Seminar Abstract
The 16+1 initiative aims enhance trade and economic relations between China and 16 countries of Central and Eastern Europe, started in 2012. More recently, its’ significance increased along the progress of the Belt and Road Initiative, with several of the Eastern EU member states aspiring for the role of the New Silk Road’s entry points into the EU, redefining their geopolitical position from periphery to transit hubs.

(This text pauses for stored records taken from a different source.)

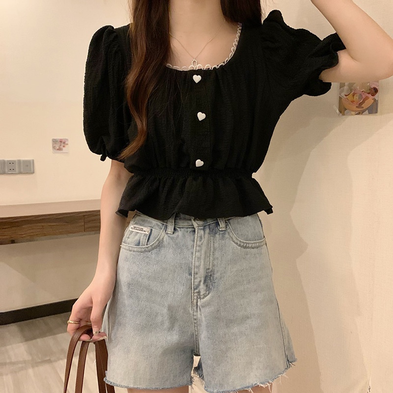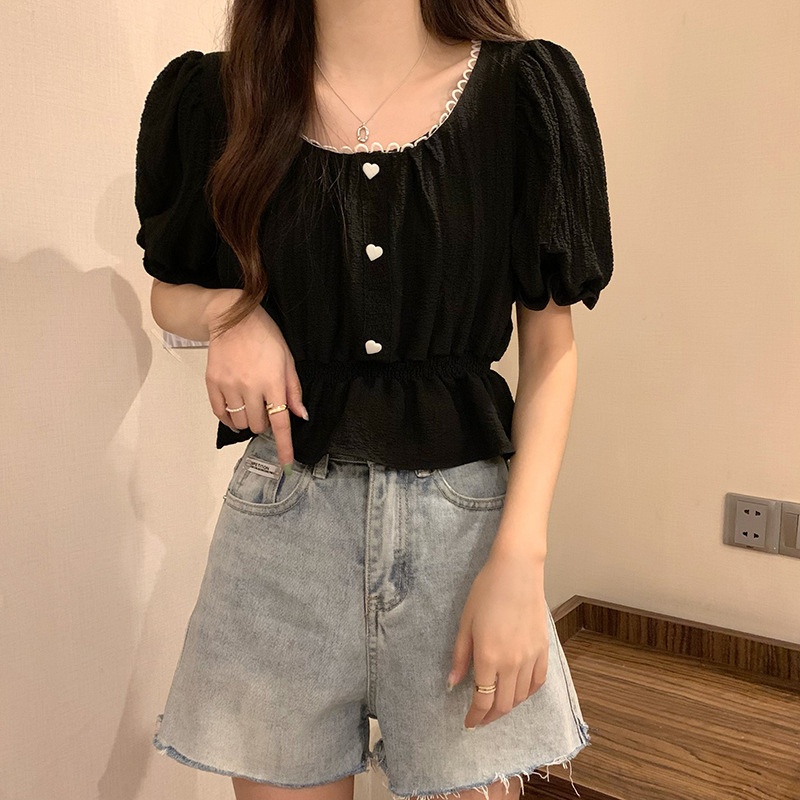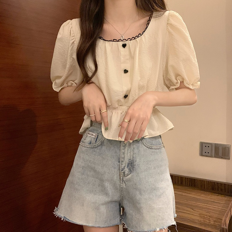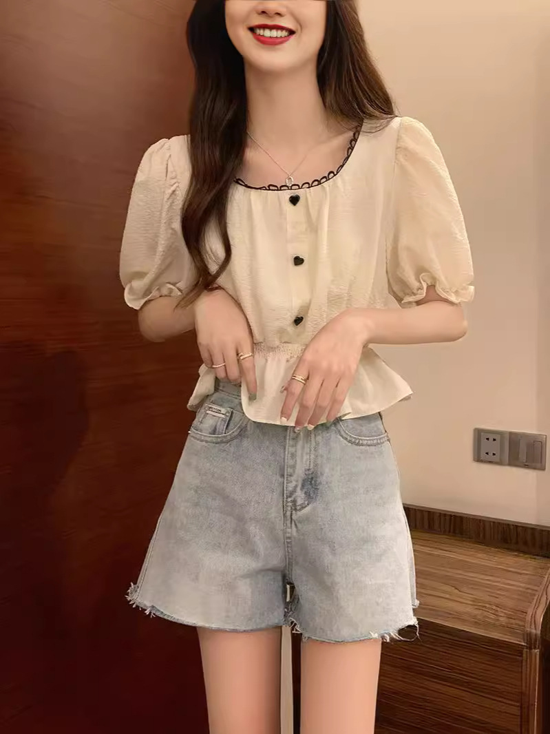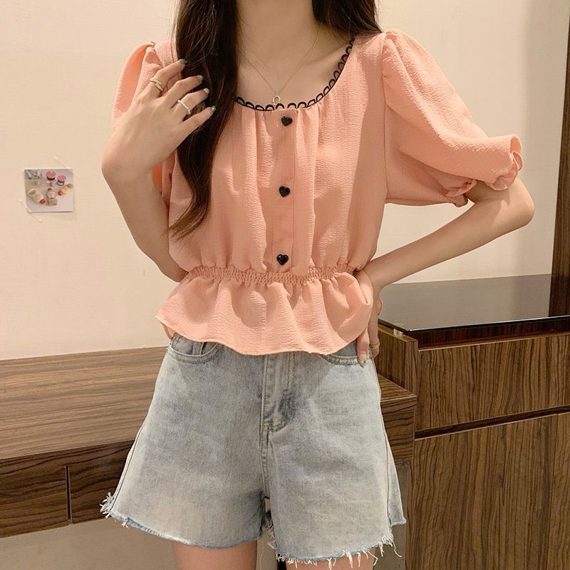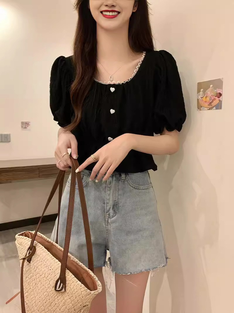 2024新款甜美减龄方领爱心扣撞色泡泡袖雪纺上衣甜美减龄泡泡短袖
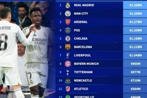 体育资讯2月26日讯 本赛季欧冠16强全部产生,德转也盘点了16强球队身价榜,具体如下:
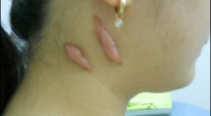 7. Sẹo lồi (Keloids, cheloides) Là u nguồn gốc chân bì tăng sinh Collagen tự nhiên xuất hiện hoặc sau chấn thương đặc biệt sau vết mổ ngoại khoa và sau bỏng. Thường gặp ở người da đen nhiều hơn và người có cơ địa sẹo lồi, nguyên nhân chính xác không rõ, có khi thành ác tính nhưng hiếm. Đốt điện vùng ức cổ và một số vùng khác có thể kèm theo mô sẹo tăng sinh bất thường rất khó phân biệt với sẹo lồi cả về lâm sàng và hiển vi. Ban đầu tổn thương màu đỏ hồng, trơn bóng, căng với bề mặt giãn mạch, nó phát triển to lên đến một kích cỡ nào đó rồi không thay đổi. Dần dần theo tuổi nó trở nên cứng chắc, ít đỏ, thậm trí tái nhợt hơn da bao quanh. Sẹo lồi đôi khi có thể phân biệt với sẹo phì đại bằng khuynh hướng phát triển ra ngoài biên giơí của vết mổ bệnh nhân có thể kêu đau, ngứa. Hình ảnh hiển vi: sớm: mô tế bào xơ, muộn: bó sợi collagen.
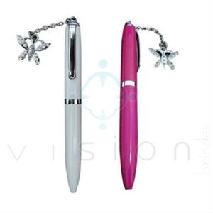 Caneta de metal com correntinha em formato de borboleta.
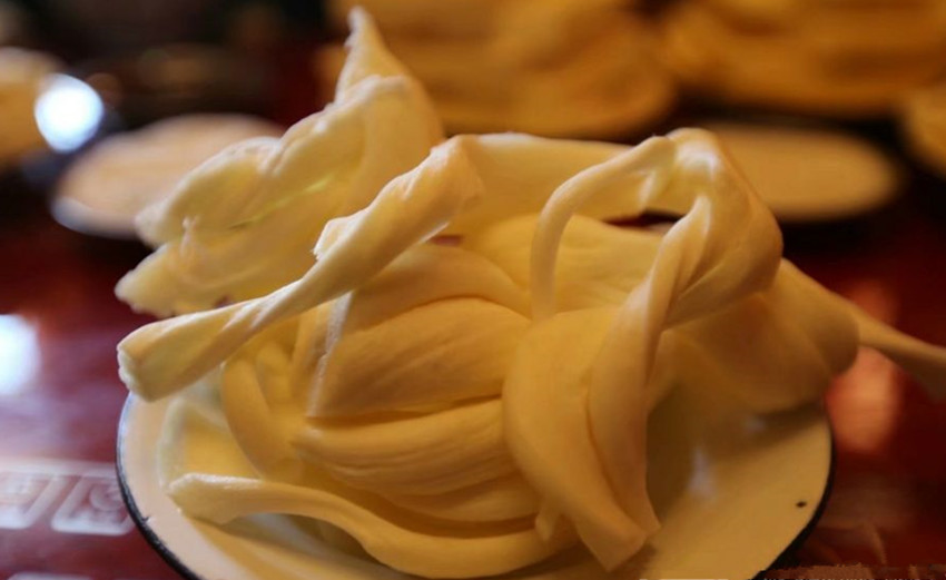 酥油古稱醍醐,元代才開始叫酥油。元代宮廷食醫(yī)思慧在《飲膳正要》中記述了酥油的提取方法:“取凈奶子,不住手用阿赤打,取浮油者為思馬哥油,今亦云曰酥油。”文中“阿赤”是提取酥油的木器。提取酥油有專門的酥油桶,桶里有一個(gè)連桿木柄,倒上牛奶,蓋上桶蓋后,連續(xù)上下抽動(dòng)連桿木柄數(shù)百上千次,黃澄澄的酥油塊就全部浮在上面了。把酥油塊用手捏成坨,擠去水份,丟進(jìn)清水里泡一會(huì)兒,就可以食用了?,F(xiàn)在牧區(qū)打酥油普遍用奶油分離器,既快又省。

At the same time, the 16+1 and the BRI also has impacts on, as well as it is impacted by the existing internal divisions, within the EU, such as the between the Eastern and Western as well as the Northern and Southern member states, that both have deepened in recent years due to the European debt crisis and the European migrant crisis.
About the Speaker
Csaba Barnabas Horvath has obtained his PhD degree in 2014 at the International Relations Doctoral School of the Corvinus University of Budapest, with a PhD thesis on the Australia-India-Japan-US Quadrilateral. His main area of interest is geopolitics of the Asia-Pacific. He has participated in visiting fellowships at the NUS (Singapore) ANU (Australia) and the NCCU (Taiwan) and also worked as an external researcher for the Sesearch Center of the Chiefs of Staff of the Hungarian Defence Forces. Since 2017 he is an associate researcher at the MTA-ELTE-SZTE Silk Road Research Group, and for March and April 2018, a visiting researcher at the Penang Institute in Penang, Malaysia.